/---

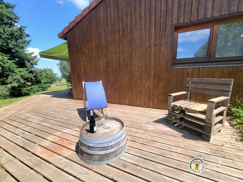 Gîte Ecorce, qualifié Ecogîte (matériaux pierres et bois, chauffage bois granulés, isolation naturelle). Terrain commun avec 2è gîte. Séjour avec c.salon, convertible 2 pers en appoint, cuisine, 1ch(1 lit 2 pl), 1ch(2 lits 1 pl), s.d'eau, wc. Le prix comprend une visite du vignoble et une dégustation de vins. Accueil 15 pers si location des 2 gîtes. Label Vignobles et Découvertes.
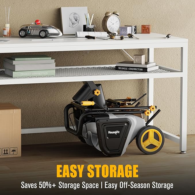 - LIGHTWEIGHT & COMPACT STORAGE: The lightweight and ergonomic design of this electric snow blower ensures easy handling and maneuverability for all users on driveways, patios, and sidewalks. Its compact, detachable, and foldable design allows for space-saving storage in any garage or shed, making it a convenient and easy-to-store solution year-round.
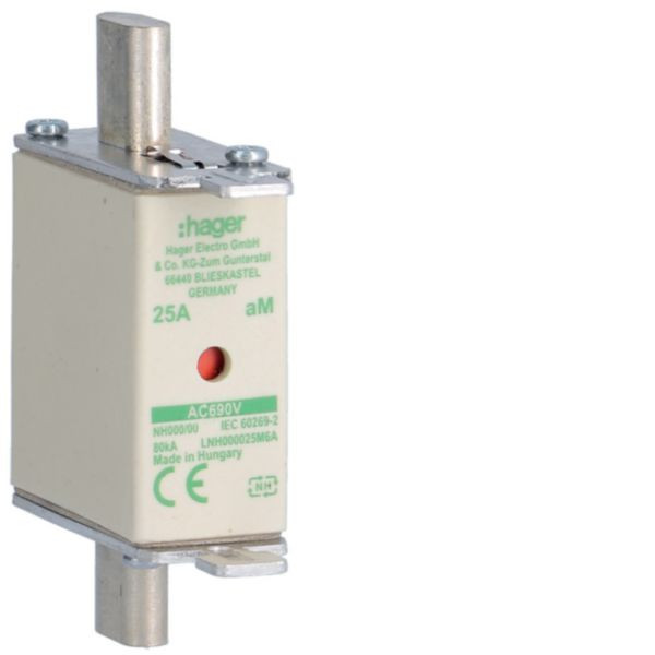 NH-Sicherungseinsatz NH000 690V aM 25A Kombimelder Grifflasche spannungsführend

\---

- Exercise goal:
Copy each line above exactly. Images do not belong in the copy.

- Task answer:
 Gîte Ecorce, qualifié Ecogîte (matériaux pierres et bois, chauffage bois granulés, isolation naturelle). Terrain commun avec 2è gîte. Séjour avec c.salon, convertible 2 pers en appoint, cuisine, 1ch(1 lit 2 pl), 1ch(2 lits 1 pl), s.d'eau, wc. Le prix comprend une visite du vignoble et une dégustation de vins. Accueil 15 pers si location des 2 gîtes. Label Vignobles et Découvertes.
 - LIGHTWEIGHT & COMPACT STORAGE: The lightweight and ergonomic design of this electric snow blower ensures easy handling and maneuverability for all users on driveways, patios, and sidewalks. Its compact, detachable, and foldable design allows for space-saving storage in any garage or shed, making it a convenient and easy-to-store solution year-round.
 NH-Sicherungseinsatz NH000 690V aM 25A Kombimelder Grifflasche spannungsführend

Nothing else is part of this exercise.